Since the DC Circuit Court struck down the 2010 Open Internet Order in January, we’ve seen thousands of stories and columns written about net neutrality and the future of the Internet. The significant coverage underscores the important debate and upcoming decision by the FCC to craft rules that provide important consumer protections while not stifling investment, innovation and the freedom to create.
In recent weeks, we’ve seen several columns which share our concern that calls for overregulation of the Internet are extreme and unnecessary. These columns have also been asking what would happen if the Internet, the worlds most advanced communications technology, were suddenly burdened with heavy new rules.
Here are a few that we wanted to share:
A Taxi Commission for the Internet, The Wall Street Journal, L. Gordon Crovitz
The headache between Uber and Lyft and the taxicab regulations are a bitter reminder that regulators, even with the best intentions, can hinder innovation. Industries experiencing rapid technological change like broadband networks should be freed to innovate at the pace of technology – not the pace of government.

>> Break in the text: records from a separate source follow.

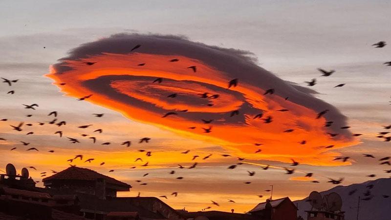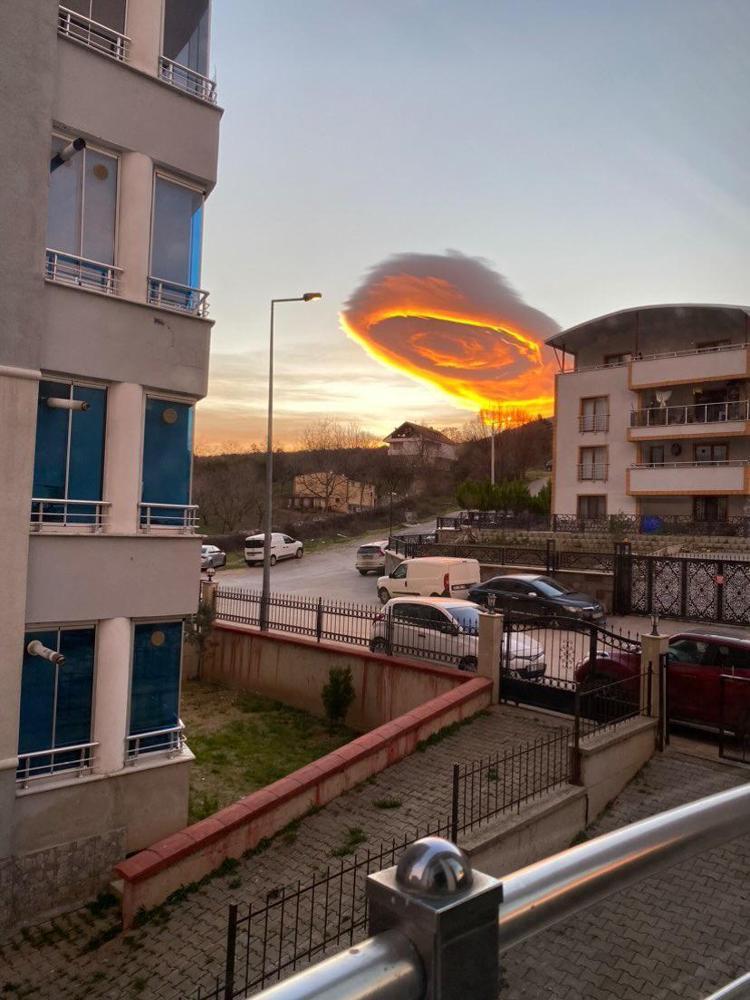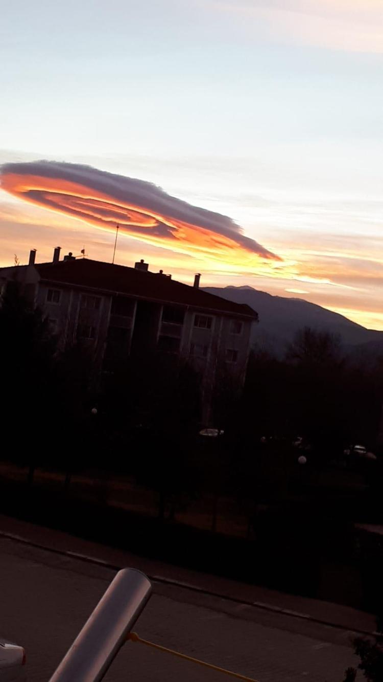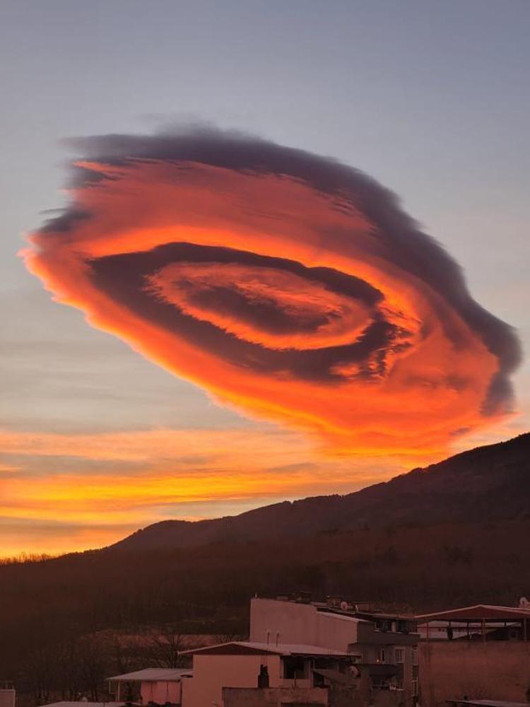 Bursa’da 2 gündür etkili olan lodos sonrası, gökyüzünde güzel görüntüler oluştu. Gün doğumunun ardından, gökyüzünde beliren tek bir bulut kümesi, görenleri hayran bıraktı. İç içe geçmiş daireler şeklindeki bulut, kentin her yerinden görüntülendi.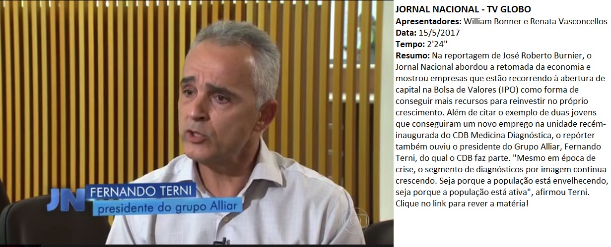 Notícias MÍDIA - Jornal Nacional entrevista presidente do Grupo Alliar 16/05/2017 http://g1.globo.com/jornal-nacional/edicoes/2017/05/15.html#!v/5871321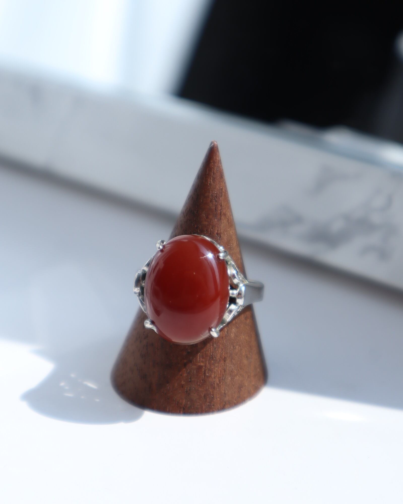 deep red oval shape chunky charm vintage ring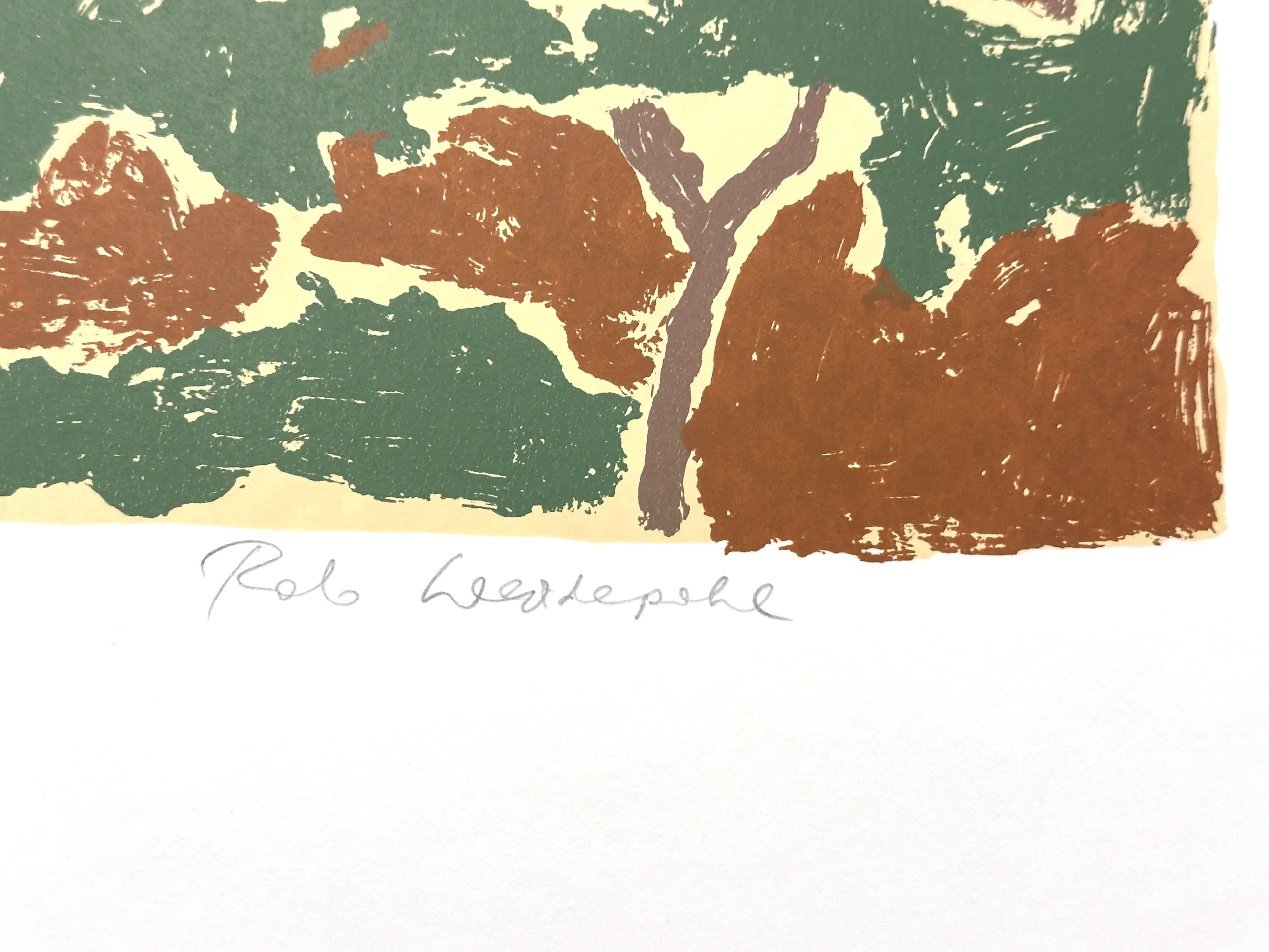 Zeefdruk van Rob Weddepohl uit 2004, gemaakt in een onbekende oplage. Het werk is gebaseerd op het verblijf en de reizen van Weddepohl in Australië. Gedrukt op zuurvrij papier, papierformaat 70 x 50 cm, afbeelding 30 x 40 cm. Handgesigneerd en genummerd 'e.a.' (Epreuve d'Artiste) door de kunstenaar. De zeefdruk is in goede staat linksonder is een kleine oneffenheid (zie foto). Kan indien gewenst verzonden worden in een stevige kartonnen koker.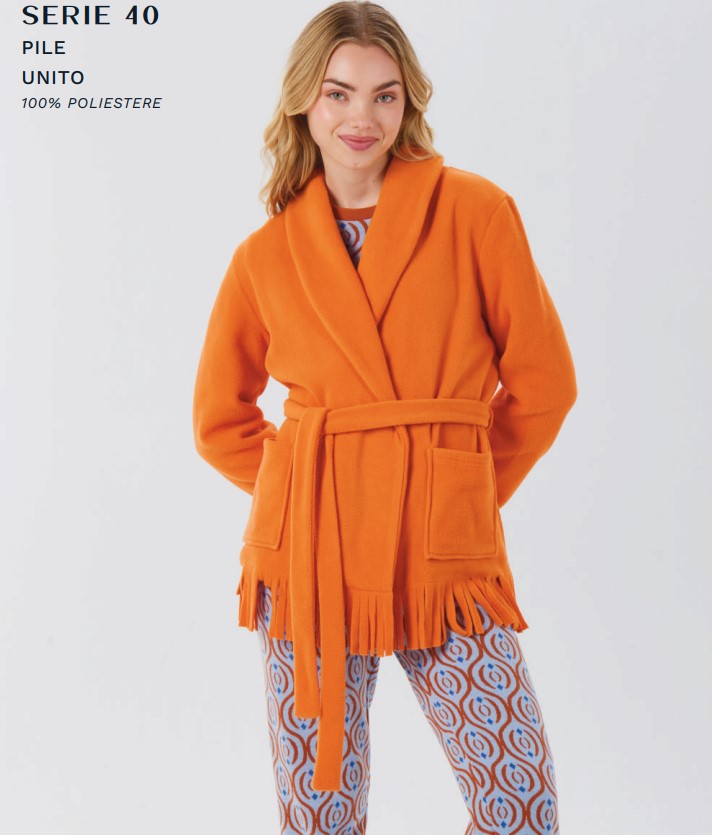 Giacca donna con cintura e tasche BRILLIAMO, ottimo prodotto, tessuto pile, capo morbido, caldo e speciale anche nelle forme e nei tagli costruiti alla perfezione, capo per chi vuole il massimo su tessuti e vestibilità. Abbinabile con il suo pigiama, che troverete nella sezione donna pigiami autunno-inverno.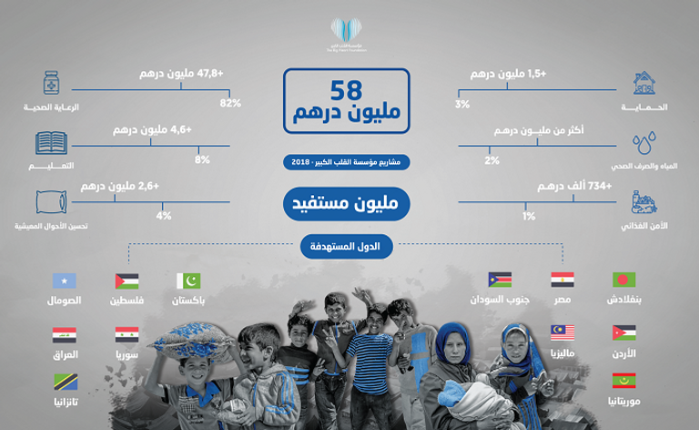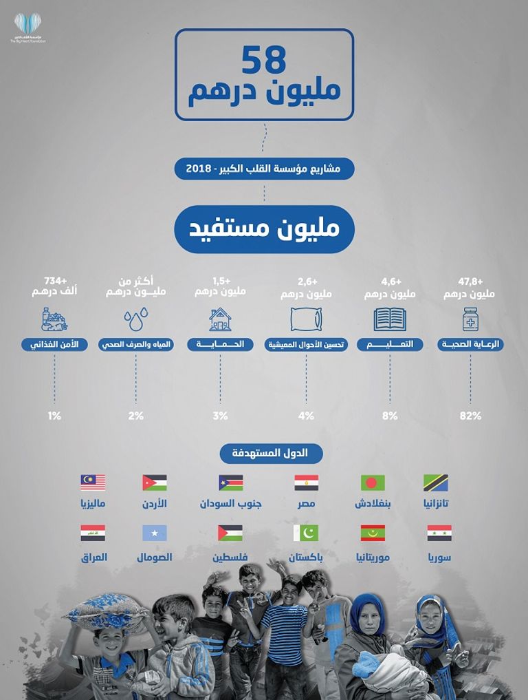 كشفت مؤسسة القلب الكبير الإماراتية، المؤسسة الإنسانية العالمية المعنية بمساعدة اللاجئين والمحتاجين، أن المساعدات التي قدمتها خلال عام 2018 للفقراء واللاجئين حول العالم بلغت 58 مليون درهم، استفاد منها مليون و 91 ألف شخص في 12 دولة تعد من الأكثر تضرراً نتيجة الصراعات والأزمات المختلفة، وتركزت المساعدات على تعزيز القطاعات الحيوية التي تلبي حاجة المجتمعات للتعليم والرعاية الصحية والأمن الغذائي.

Internet Policy Shouldn’t Pit Service Providers Against Content Providers, The Washington Post, Ev Ehrlich
Ev Ehrlich says: “The industry’s critics need to rethink the white vs. black hat sophistry. Or, even better – let’s make Internet policy without any hats at all.”
How the FCC Can Save Net Neutrality and Still Ruin the Internet, The Huffington Post, Mike Montgomery
The Communications Act of 1934 gave us Title II regulations. Laws that old can’t possibly meet the needs of “today’s sprawling, busting, magically fragmented Internet, a miracle of technology.” 1996, when the Act was updated, isn’t even modern enough for this technology.
The Internet is Not a Water Pipe, The Huffington Post, Jason A. Llorenz
As the post says, the Internet “requires policy makers to think past the water pipe,” and other basic utilities. Over the last 20 years, the evolution and progress of the Internet are due to private investment and modern public policy. Let’s keep it that way.
Fast Lanes Saved the Internet, The Wall Street Journal, L. Gordon Crovitz
Modern broadband networks have benefited enormously from the performance and efficiency of flexible networks. They help facilitate Internet traffic during peak times. Reclassifying the Internet as a public utility would spell the end of permissionless innovation on the Internet. Putting bureaucrats in charge of the Internet would undermine the world’s greatest engine of innovation.